04 April 2011

Twins

A while ago I discovered that a girl who works for us is part of a pair of identical twins. What was more interesting is that she is living in Norway as an expat doing a technical job, like most of her peers she has bachelor and masters degrees. She spends her free time mountain biking and hill walking. She is unmarried. Her identical twin married at 18 and never went to university. She lives in their home town (a parochial place in the north Midlands) with her kids and has a mundane, dead end job. She is utterly disinterested in the outdoors and is over weight.
This contrast is fascinating; here are two people with the same genetic make-up and the same home environment (nature and nurture) who are diametrically different. I asked when the divergence had happened and she told me that they had been very similar up to secondary school and then they had been put into different classes and diverged from there.

Is it really possible that that something as mundane as a different class at the age of 11 could make such a huge difference? It’s an extreme example of chaos theory where a subtle change in initial conditions has caused a totally different outcome. What are the implications of this for the rest of us? I actually find it rather scary.

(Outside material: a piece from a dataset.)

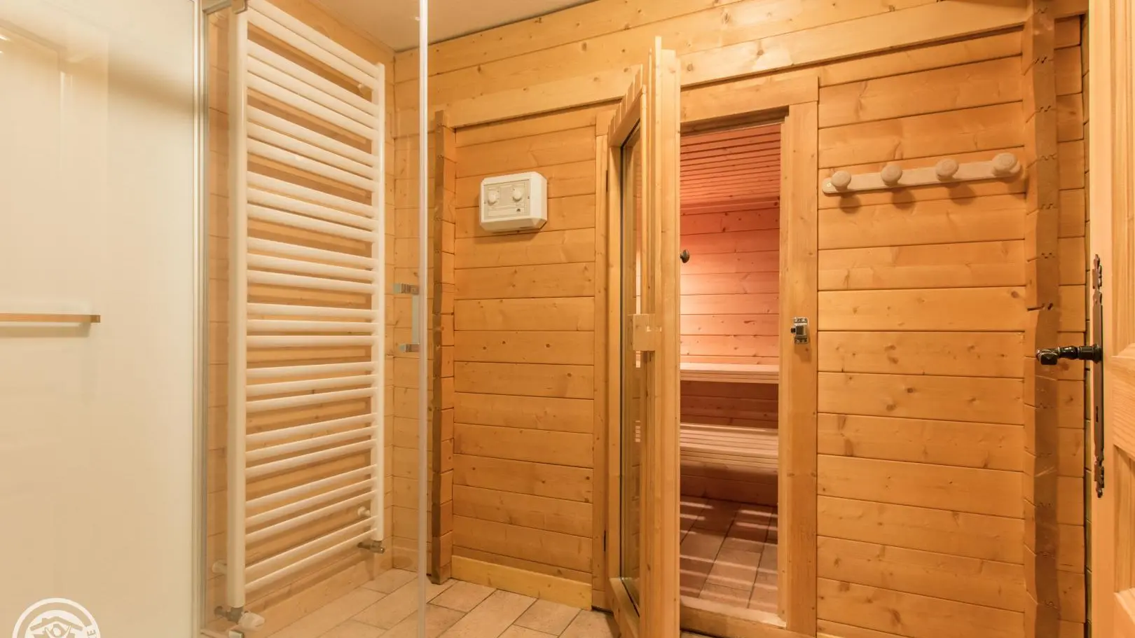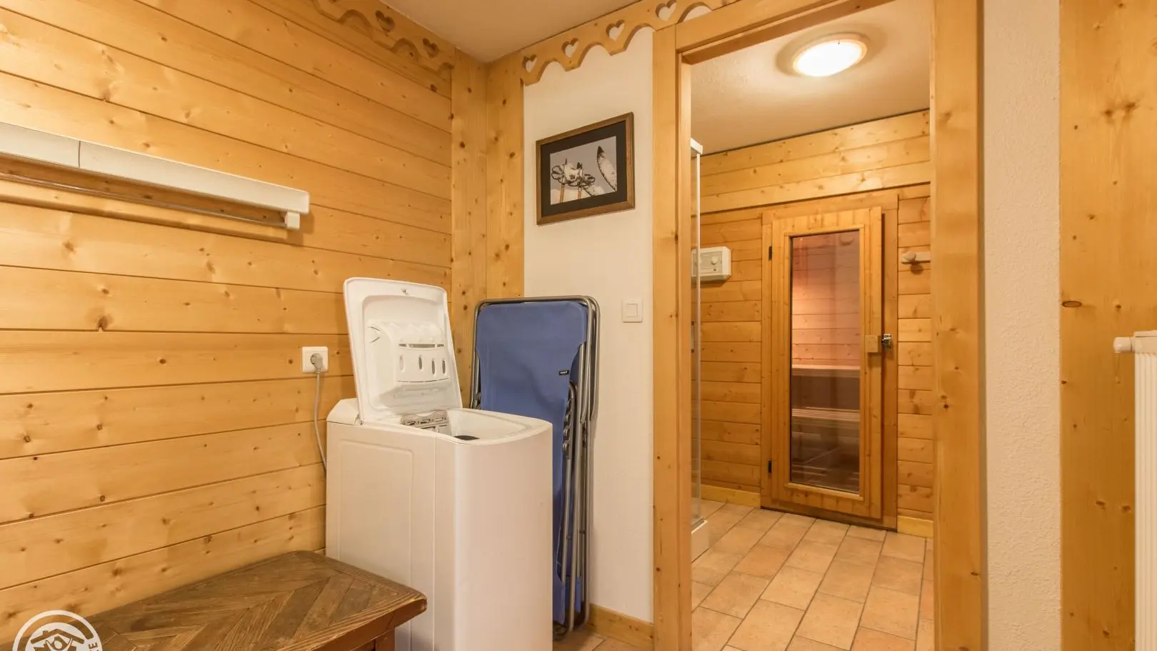 Cellier/buanderie avec lave-linge et espace sauna + douche, dans le gîte. Accès internet wifi. Possibilité de location de draps et de linge de toilette.

The girl told me that she thought it was not due to that at all. She felt that despite being identical twins there were subtle differences in their genetic makeup that had lead to such different paths in life. This way be true but if it is then it means that all the nature vs nurture experiments where twins are separated at birth, put into different environments and then compared are meaningless. If this pair of twins with the same home environment had been split up at birth it would have been an obvious, but erroneous conclusion that the different environments had caused the differences in development and lifestyle choice.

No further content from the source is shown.